What this task involves: Only some lines are wanted: please transcribe exactly those from the one containing "В парке Чидоригафути, знаменитом" through the end of the data, pictures excluded.

====== Material to process

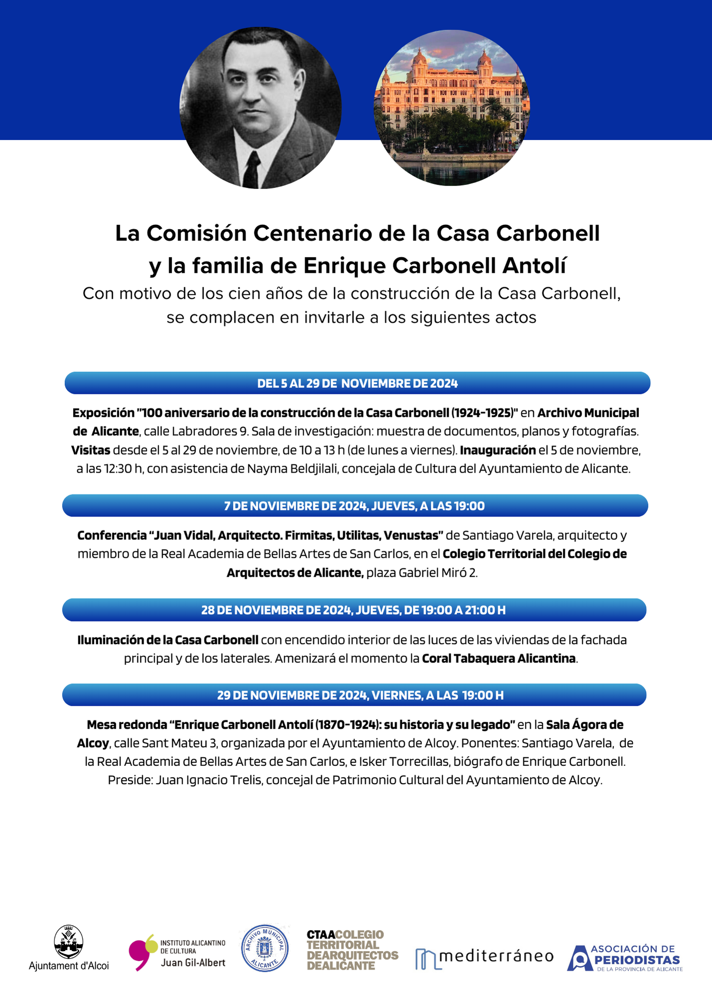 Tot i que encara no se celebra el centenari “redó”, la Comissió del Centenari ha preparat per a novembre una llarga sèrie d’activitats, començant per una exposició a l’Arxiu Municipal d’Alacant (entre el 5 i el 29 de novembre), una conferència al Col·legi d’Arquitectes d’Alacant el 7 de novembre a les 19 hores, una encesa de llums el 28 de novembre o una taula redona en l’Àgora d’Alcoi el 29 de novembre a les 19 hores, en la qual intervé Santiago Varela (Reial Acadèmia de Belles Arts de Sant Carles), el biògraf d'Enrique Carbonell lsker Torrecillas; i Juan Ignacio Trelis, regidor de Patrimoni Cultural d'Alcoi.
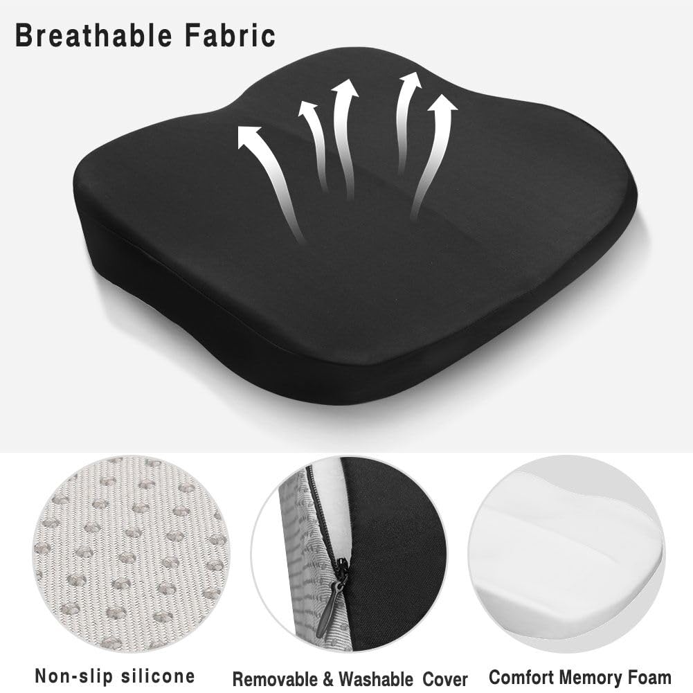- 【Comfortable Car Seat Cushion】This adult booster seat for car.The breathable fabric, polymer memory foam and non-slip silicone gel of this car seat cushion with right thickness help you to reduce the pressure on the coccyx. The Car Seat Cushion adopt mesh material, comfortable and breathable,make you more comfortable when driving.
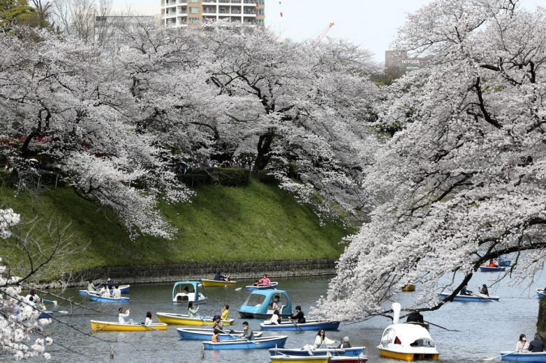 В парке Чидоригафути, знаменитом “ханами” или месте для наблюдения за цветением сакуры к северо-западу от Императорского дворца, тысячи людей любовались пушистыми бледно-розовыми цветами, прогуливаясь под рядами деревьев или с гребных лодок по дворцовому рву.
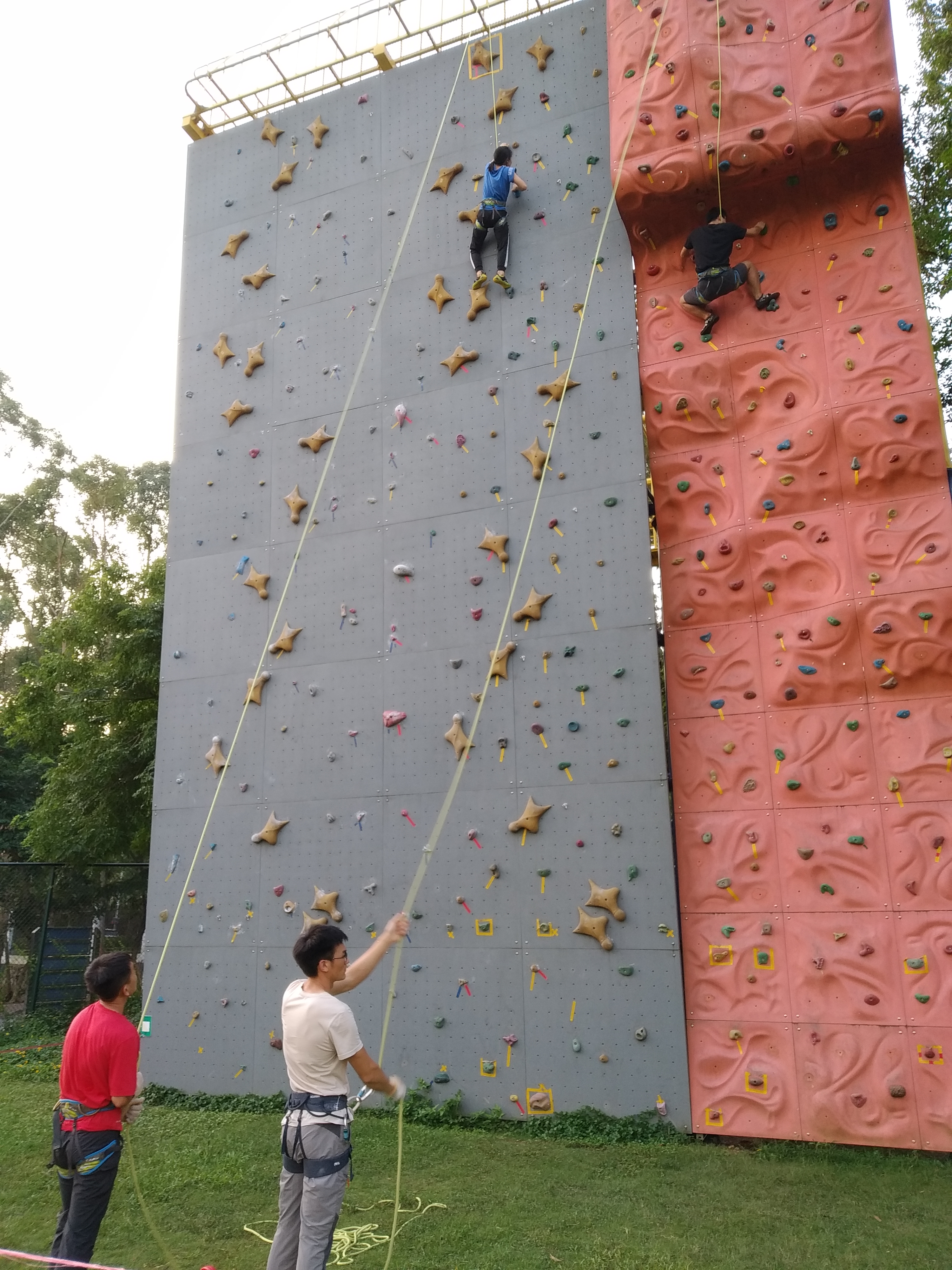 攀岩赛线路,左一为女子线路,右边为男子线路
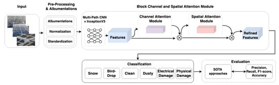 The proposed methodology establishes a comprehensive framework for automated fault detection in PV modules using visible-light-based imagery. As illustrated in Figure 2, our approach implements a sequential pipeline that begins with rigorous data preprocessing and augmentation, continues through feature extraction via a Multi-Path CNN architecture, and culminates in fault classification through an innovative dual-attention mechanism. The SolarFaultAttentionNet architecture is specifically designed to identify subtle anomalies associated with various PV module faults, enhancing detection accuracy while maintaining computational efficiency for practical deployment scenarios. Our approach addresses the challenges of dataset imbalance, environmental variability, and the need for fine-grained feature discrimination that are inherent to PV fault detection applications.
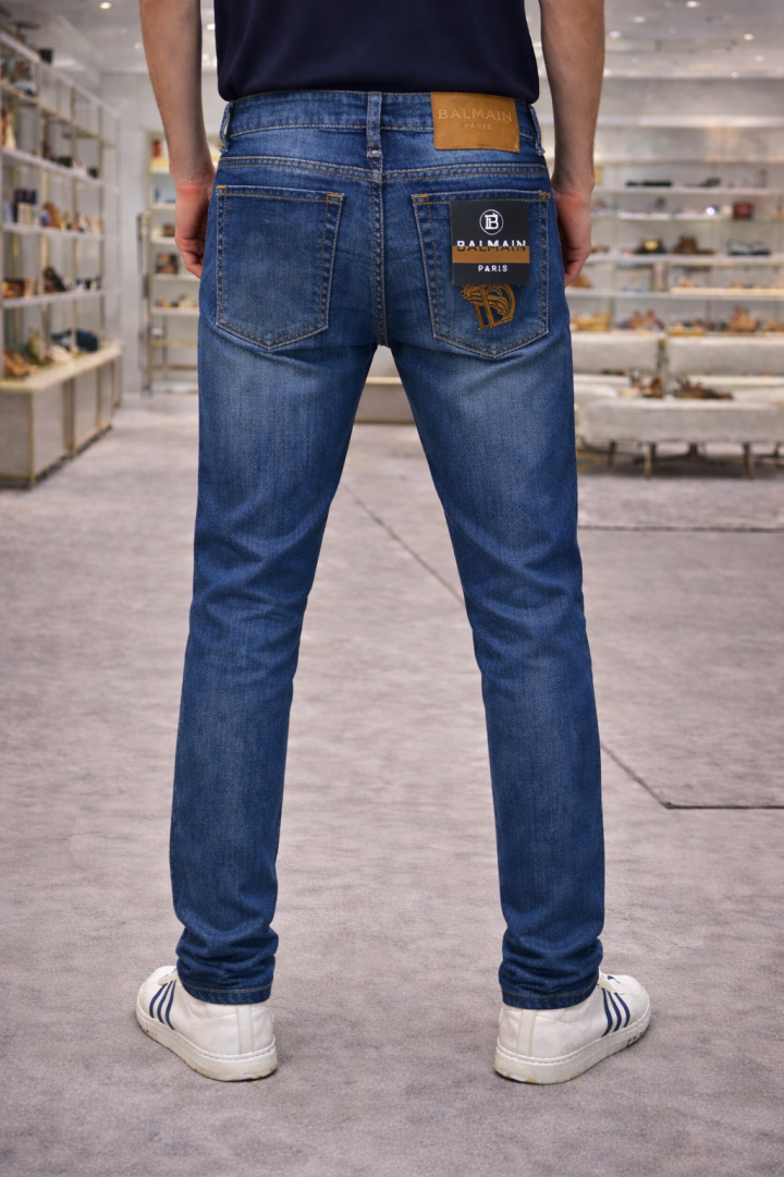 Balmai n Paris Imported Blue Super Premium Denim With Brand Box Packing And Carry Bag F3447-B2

============

Response below:
 В парке Чидоригафути, знаменитом “ханами” или месте для наблюдения за цветением сакуры к северо-западу от Императорского дворца, тысячи людей любовались пушистыми бледно-розовыми цветами, прогуливаясь под рядами деревьев или с гребных лодок по дворцовому рву.
 攀岩赛线路,左一为女子线路,右边为男子线路
 The proposed methodology establishes a comprehensive framework for automated fault detection in PV modules using visible-light-based imagery. As illustrated in Figure 2, our approach implements a sequential pipeline that begins with rigorous data preprocessing and augmentation, continues through feature extraction via a Multi-Path CNN architecture, and culminates in fault classification through an innovative dual-attention mechanism. The SolarFaultAttentionNet architecture is specifically designed to identify subtle anomalies associated with various PV module faults, enhancing detection accuracy while maintaining computational efficiency for practical deployment scenarios. Our approach addresses the challenges of dataset imbalance, environmental variability, and the need for fine-grained feature discrimination that are inherent to PV fault detection applications.
 Balmai n Paris Imported Blue Super Premium Denim With Brand Box Packing And Carry Bag F3447-B2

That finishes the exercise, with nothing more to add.